Они не были там, не видели и не могут себе представить. Неправда, что наши страхи опережают объективную реальность. Страх завязан на воображение, а в этой сфере все мы склонны себе льстить. Не говоря уже о социальных страхах, которые столь же убоги, как и усредненная фантазия. В глубине нашей коллективной, сведенной к общему знаменателю души мы презираем плебс-квартал, а потому наша привычная фобия не отражает и сотой доли реального положения дел.
Я видел моего мертвого мальчика, и я знаю. А больше не знает никто. И что самое страшное, не хочет знать.
Я, парализованный старик во власти медицинских программ, ничего не могу. Но и все они тоже не могут — засевшие по сотам своих хроносов, неспособные хоть как-то скоординироваться и хоть что-то совместно решить, я уже молчу о предпринять. Или даже по-настоящему испугаться, сообразив наконец, как легко перебить нас поодиночке.
Немеющий палец все-таки попадает на нужный сенсор, и панель постепенно светлеет, и Паютка смотрит с самого краю преданными круглыми глазами. Она единственная никуда не спешит.
А я обязан вникнуть, отследить, понять, все ли уже потеряно или еще можно попытаться что-нибудь спасти. Существует ли он еще, мой бестолковый, мечущийся в панике, беспомощный и бесконечно наивный мир-задворки, — или вот уже сейчас высадят с ноги шлюз за моей спиной, разорвав ко всем чертям слишком тонкую материю хроноса вместе с хлипкой иллюзией безопасности и химерой своего времени?..

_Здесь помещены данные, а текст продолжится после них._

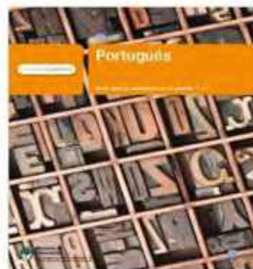
Português, Modelo 1 a 1 (Correa y Rodríguez, 2011)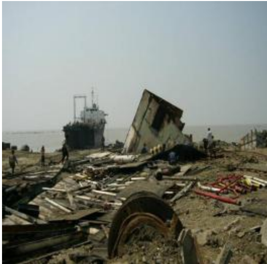
未整備の解体ヤード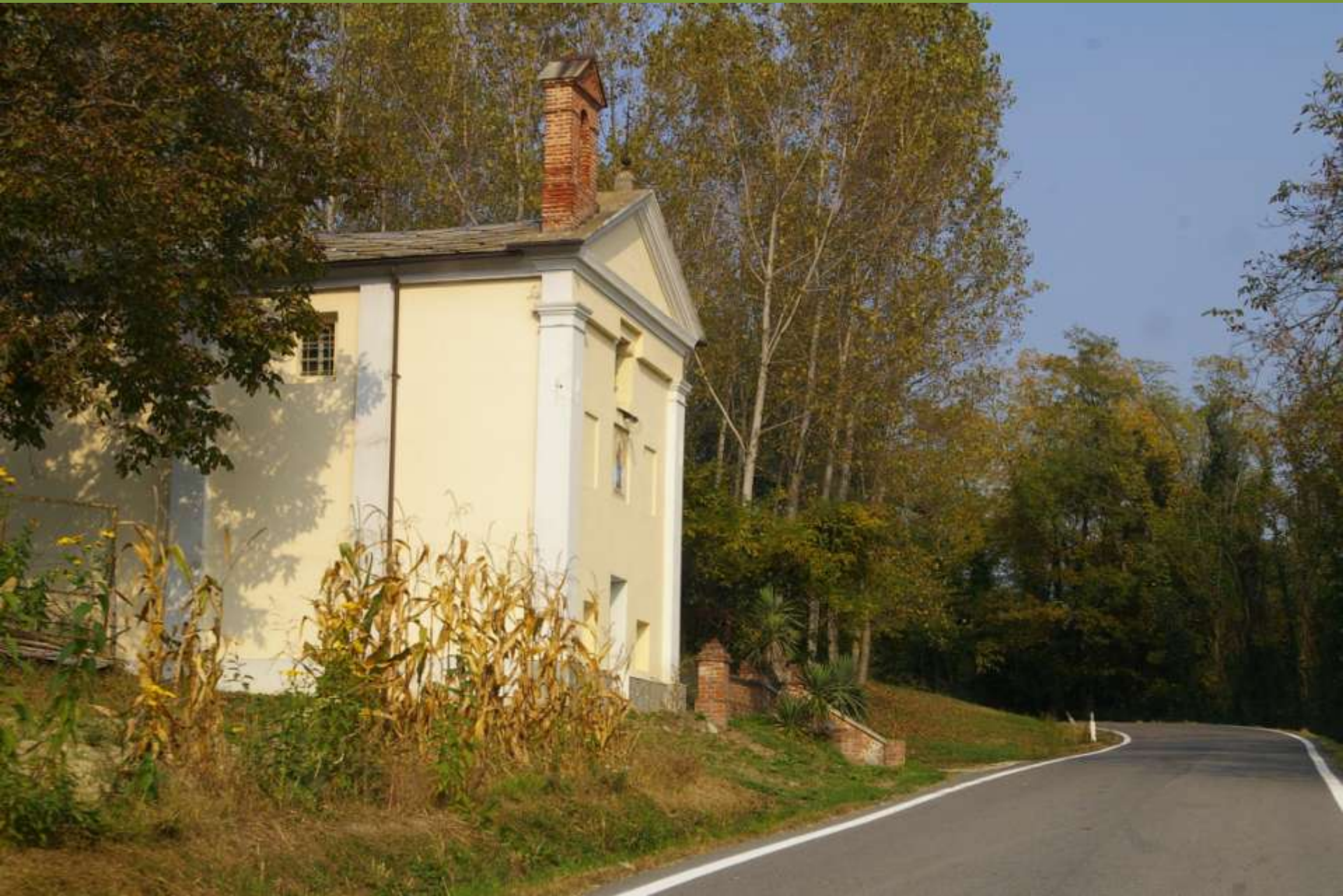
Moncuco Torinese (TO)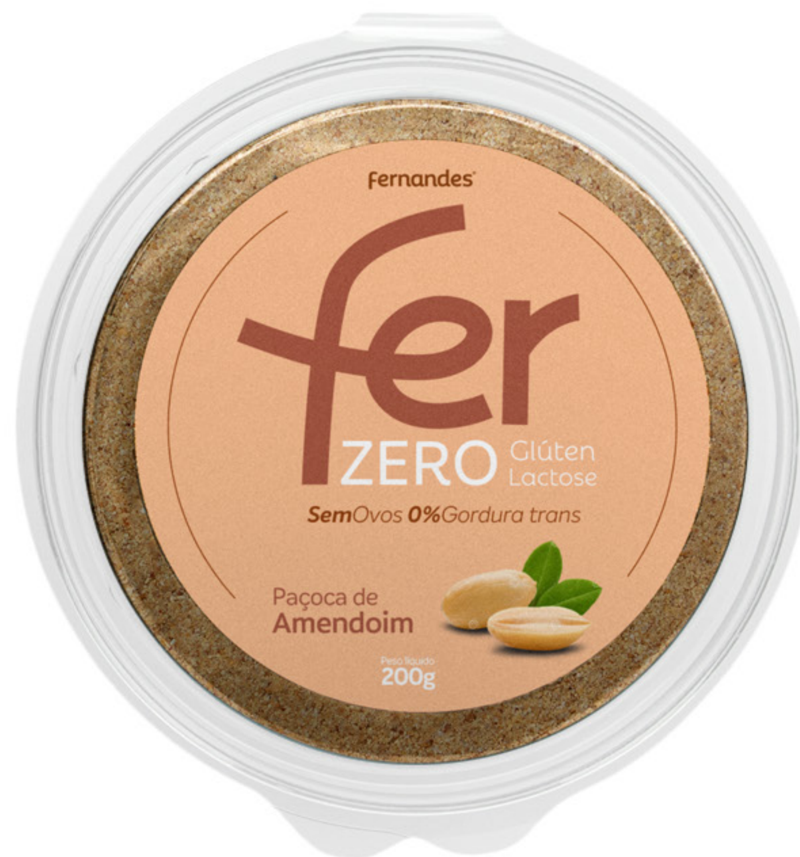
Paçoca de Amendoim

Но по-настоящему я боюсь не этого.
Я, чей изношенный организм сдал и сдался, не выдержав дикого перепада хроноускорений и хронозамедлений, начал отказывать система за системой, функция за функцией, — прекрасно понимаю, несмотря на все уверения рекламных проспектов конкурирующих клиник, что никаких энергофинансов мира не хватит, чтобы все это вернуть; максимум поддерживать искусственно, и то до определенного предела. И боюсь, панически боюсь (Карл у Клары, числа Фибоначчи, десять заповедей, шесть инертных газов, закон Ома!..), что вслед за пищеварением и сердечной деятельностью, осязанием и слухом, остротой зрения и прохождением нервных импульсов через спинной мозг — посыплется, деградирует и перестанет существовать самое главное: память, интеллект, личность.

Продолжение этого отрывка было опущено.